Chicago’s Port Plays Vital Role in Supply Chain Management
April 21, 2014 - SCMR Editorial
When the Warehousing Education and Research Council (WERC) convenes for its annual conference in Chicago next week, they’ll be visiting the nation’s largest inland port.
While most shippers think of major ocean cargo gateways as being the principal means for moving containers, it’s important to note that the U.S. is served by more than 360 commercial ports, providing approximately 3,200 cargo facilities.

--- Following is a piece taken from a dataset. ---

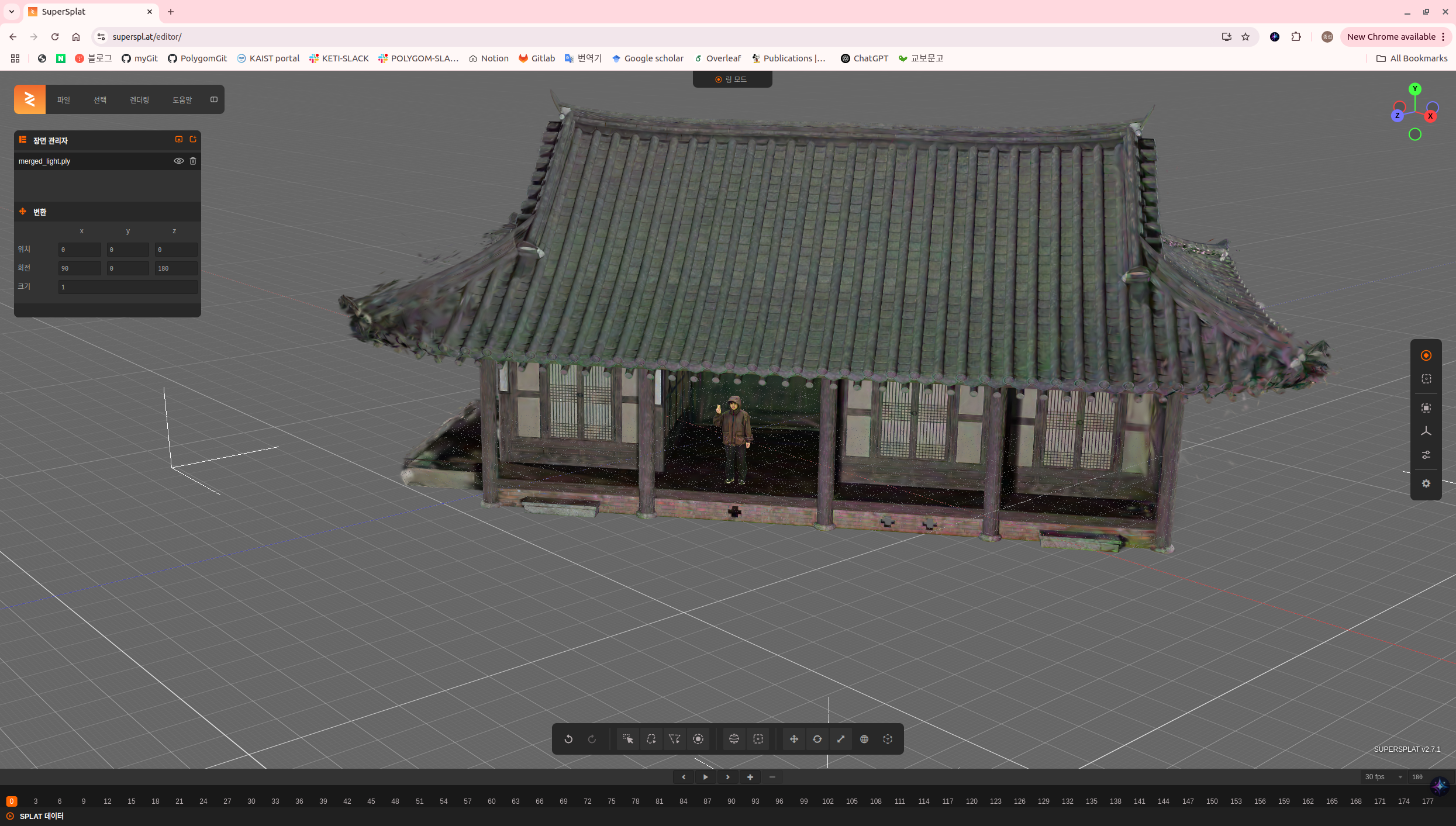 nerfstudio splatfacto를 이용해 결과 진짜 깔끔하게 잘 만들어지고 (카메라 포즈가 100% 정확하니까) supersplat에 불러와서 다른 3DGS랑 합쳐버리면 위와 같이 최종 결과물을 낼 수 있다.

Within this context, Chicago remains the largest inland general cargo port in America, and the city as a whole is the commercial transportation hub of the nation. It sits in the center of the Midwest industrial base and the agricultural heart of America.
“I believe the port is a valuable asset, and with strategic investment it can drive economic growth in our city,” says Chicago Mayor Rahm Emanuel. “The port moves more cargo than any other Great Lakes gateway, most frequently steel, grain, scrap metals and stone.”
The Seaway and the Great Lakes meet the Illinois and inland waterway system at Chicago. It’s the beginning and the end of barge traffic between the Seaway, inland points, and the Gulf of Mexico through the Illinois, Mississippi, Missouri, Ohio, and the Arkansas Rivers. Eastern railroads terminate in Chicago, and rail lines west, north, and south start here.
Still, industry analysts maintain that more money has to be directed toward infrastructure to make the port sustainable. Last year, the Denver-based Broe Group and its transportation affiliate OmniTrax, tried to complete a privatization deal that might have achieved this goal. Although that deal failed to come to fruition, analysts say similar ventures may develop this year.
Principal national interstate highways pass through the Chicago area and radiate outward from the Midwest’s major city. Trucking companies maintain central terminals and intermodal transshipping facilities in Chicago, with highway carriers fanning out in all directions from this dynamic industrial, commercial, and agricultural center.